=== To do ===
The answer must consist solely of the lines below starting at the one containing "R for Rabbit" and ending at the one containing "Den naturlige diamant", repeated exactly, with both ends included and all pictures omitted.

=== Source material ===
_ _ _
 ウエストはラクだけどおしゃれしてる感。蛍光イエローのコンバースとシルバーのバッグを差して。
_ _ _
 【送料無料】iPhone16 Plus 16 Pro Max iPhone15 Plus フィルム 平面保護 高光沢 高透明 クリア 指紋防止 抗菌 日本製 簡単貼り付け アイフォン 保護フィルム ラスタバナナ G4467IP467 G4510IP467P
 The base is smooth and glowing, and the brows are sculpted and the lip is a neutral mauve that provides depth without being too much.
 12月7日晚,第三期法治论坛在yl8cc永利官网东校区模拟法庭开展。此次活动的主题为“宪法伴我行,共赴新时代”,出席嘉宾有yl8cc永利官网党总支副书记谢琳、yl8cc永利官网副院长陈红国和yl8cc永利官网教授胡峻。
_ _ _
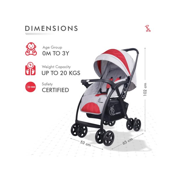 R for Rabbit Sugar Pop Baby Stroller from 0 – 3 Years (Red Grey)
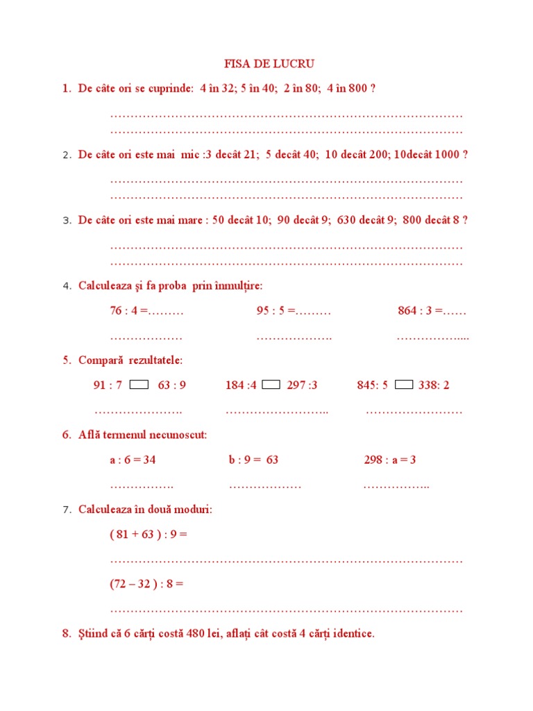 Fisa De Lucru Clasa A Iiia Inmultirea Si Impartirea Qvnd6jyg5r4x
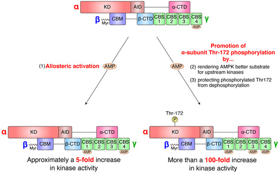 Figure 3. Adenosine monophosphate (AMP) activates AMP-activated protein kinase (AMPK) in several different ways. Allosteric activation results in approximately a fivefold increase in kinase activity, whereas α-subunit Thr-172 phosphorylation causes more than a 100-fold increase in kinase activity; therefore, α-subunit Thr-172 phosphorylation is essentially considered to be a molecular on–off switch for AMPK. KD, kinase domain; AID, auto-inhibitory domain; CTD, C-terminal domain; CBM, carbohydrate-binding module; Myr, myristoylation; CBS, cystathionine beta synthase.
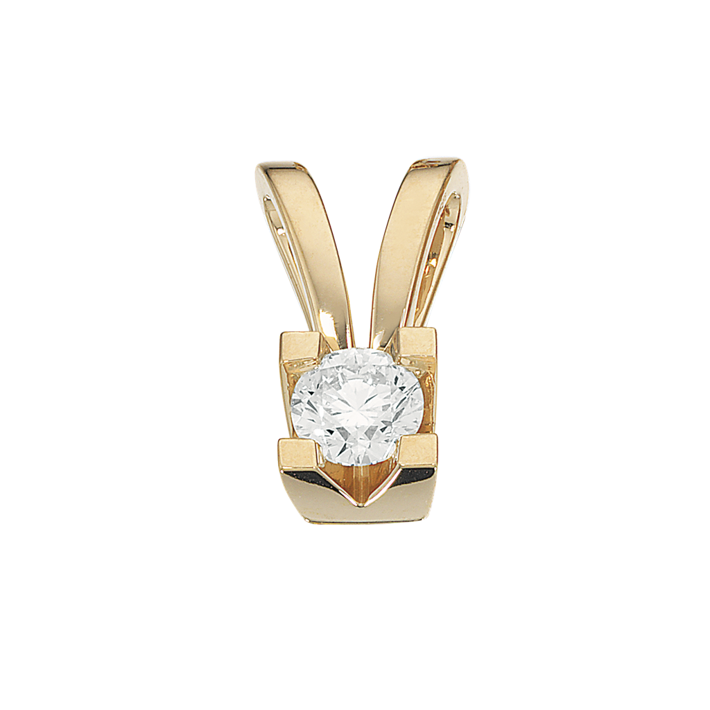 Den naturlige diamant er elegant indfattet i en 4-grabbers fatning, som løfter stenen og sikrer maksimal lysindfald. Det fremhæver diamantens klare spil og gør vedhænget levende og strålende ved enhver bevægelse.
_ _ _
=== Exercise solution ===
 R for Rabbit Sugar Pop Baby Stroller from 0 – 3 Years (Red Grey)
 Fisa De Lucru Clasa A Iiia Inmultirea Si Impartirea Qvnd6jyg5r4x
 Figure 3. Adenosine monophosphate (AMP) activates AMP-activated protein kinase (AMPK) in several different ways. Allosteric activation results in approximately a fivefold increase in kinase activity, whereas α-subunit Thr-172 phosphorylation causes more than a 100-fold increase in kinase activity; therefore, α-subunit Thr-172 phosphorylation is essentially considered to be a molecular on–off switch for AMPK. KD, kinase domain; AID, auto-inhibitory domain; CTD, C-terminal domain; CBM, carbohydrate-binding module; Myr, myristoylation; CBS, cystathionine beta synthase.
 Den naturlige diamant er elegant indfattet i en 4-grabbers fatning, som løfter stenen og sikrer maksimal lysindfald. Det fremhæver diamantens klare spil og gør vedhænget levende og strålende ved enhver bevægelse.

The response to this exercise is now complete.